The Australian government aims to achieve consistent growth without the negative side effects of unstable prices or poor external stability. The policy approach adopted by the government will reflect these goals, even though at times it may appear that they are competing.
It is now widely recognised that if Australia is to survive in a globalised economy our domestic policy options must acknowledge our place in the world. As such, monetary policy is now used predominantly to target the inflation rate. Any impact on growth is also assessed before changes are made, but the long term growth potential of the economy is seen to be maximised when prices are stable. Therefore although we can assess the impact of interest rate changes on the growth of the Australian economy, it would be incorrect to assume that changes were made to the cash rate in the hope of targeting the growth rate.
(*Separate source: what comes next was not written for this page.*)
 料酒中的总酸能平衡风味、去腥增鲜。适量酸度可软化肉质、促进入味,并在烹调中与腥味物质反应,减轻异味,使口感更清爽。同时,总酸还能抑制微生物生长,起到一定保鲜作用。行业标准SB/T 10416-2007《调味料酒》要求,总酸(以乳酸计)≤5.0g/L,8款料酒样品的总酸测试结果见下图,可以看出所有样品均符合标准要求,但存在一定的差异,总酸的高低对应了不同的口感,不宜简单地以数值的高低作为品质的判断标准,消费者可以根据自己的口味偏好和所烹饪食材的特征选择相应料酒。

On the other hand, fiscal policy has adopted a strong focus on economic growth since the election of the Rudd government in November 2007. While the previous government believed that it was important to avoid budget deficits whenever possible, the current government has adopted a Keynesian approach to the implementation of this policy. This means that when the economy is suffering from a lack of aggregate demand, the government will use the budget to try and stimulate activity. For example, large stimulus packages in late 2008 and early 2009 were used to help the Australian economy to avoid the worst of the economic downturn that was being seen in other parts of the world. This policy ultimately proved to be successful, as the Australian economy was one of the few to avoid a technical recession during this period.
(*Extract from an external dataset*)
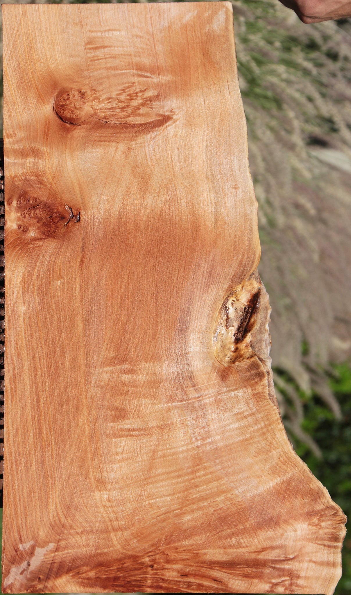 This beautiful Big Leaf Maple lumber is kiln dried and has been surfaced on two sides. It has a varying degree of quilting, fiddleback, and beautiful color. Live edges add a unique touch for creative projects. Checks and cracks can be present in the live edges. Minor end checks or inclusions are possible. 1/8" twist or bow may be present in boards over 36" long or 10" wide. This exceptional Maple is ideal for your special woodworking projects! This piece has checks and inclusions. Please see pictures for details.

The microeconomic reform process involves changes to a specific industry or sector of the economy. Many structural changes have been made to the Australian economy in the hope of improving our long term growth prospects. In theory, we have seen that an increase in aggregate supply will lead to an increase in growth, without any pressure on prices. This goes some way to explaining why it is that the Australian government has focused on this process.
The actual processes involved in implementing these policies will be discussed in Unit 4.